So it is that favorite time of year, Christmastime.
|Our first Christmas tree 2008|
Last week I was feeling rather sorry for myself and was missing my big box of Christmas decorations all packed up and sitting in a shed half way across the world. And I was thinking about Christmas without a tree and without decorations and without family and possibly without snow. On top of that, it will be Caleb's first Christmas and that made it all the worse in my mind. I was throwing a good old little sorry-for-me party in my head and heart. I should have known I was in for a lesson.
Steve and I also started an advent Bible study together last Sunday (first Sunday of Advent). It has a portion of scripture to read each day in anticipation of Christmas and to focus our minds daily on the real meaning of Christmas, why Jesus was born and why it is such a big deal.
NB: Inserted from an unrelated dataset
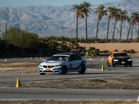 Thermal’s race track features two long straights that allow the M cars to reach speeds up to 145 mph before drivers brake hard down to 2nd gear on the main straight and 3rd gear into a double apex left-hander coming off the second long straight.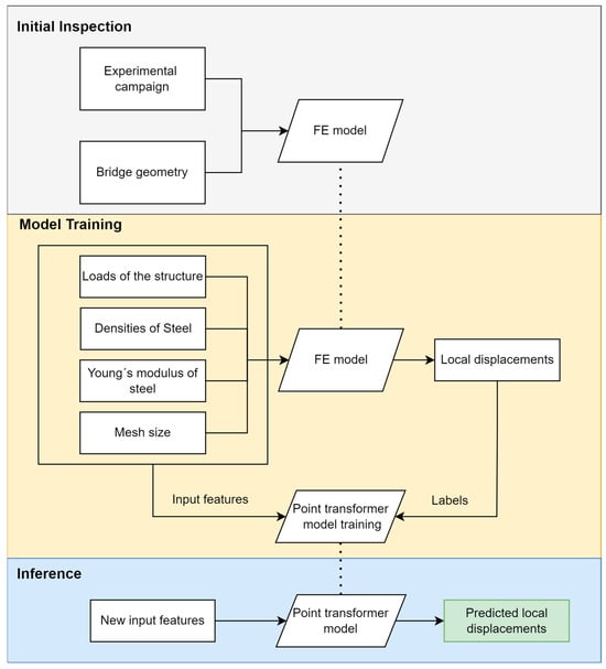 The proposed methodology is summarized in Figure 2. It begins with an initial inspection during which the data required to build the FE model is gathered. Next, the data generated by the FE model—providing high-fidelity displacement results under various loading conditions—serve as the ground truth for training a neural network. Once trained, the neural network uses the spatial features of the bridge geometry and the loading conditions as inputs to predict local displacements across the entire structure, offering a computationally efficient alternative to traditional FE model analysis.

The first week we read a lot about sin. An ugly and unlikely topic to pair with commercial Christmas, I know. We read in Genesis about the fall and we read about how we are condemned as sinners. We read about Jesus being prophesied in the Old Testament. And we talked a lot about how the need for Jesus (and subsequently the need for Christmas) really isn't very pretty at all. We needed Christmas. We needed Jesus to come and be born in a manger and live the perfect life to die in our place and rescue us from our guilt, our shame, our sin, our evil hearts and deeds and thoughts. Our pity parties. Our selfish feel-sorry-for me days.
And that lead me to realize my sin and my skewed view of the meaning of Christmas. It made me see how my eyes had shifted from the real meaning to the commercial meaning. I'd gotten wrapped up and consumed and distracted. My gaze had gone from Jesus to me. And trees. And lights. And ornaments. And decorations. This. This was the very reason Jesus came. The very reason He came to die.
And so the Lord gently shifted my gaze back into focus and my heart settled down, excited for this season of Advent and reflecting on the meaning behind Christmas.
But it doesn't stop there. We recieved a phone call from a couple in the church who are going on vacation in December, asking if we would like to borrow some Christmas decorations because they weren't going to fully decorate since they were going to be gone. They brought over a big box of Christmas decorations. Oh and it doesn't stop there either. The other day we received a message asking if we had a Christmas tree and offering to lend us one of those too.
I stand humbled. I stand corrected. And I stand blessed in undeserved ways. As has been the case often in the past few months, all I can think of is "grace." Undeserved grace. Thank you, Jesus.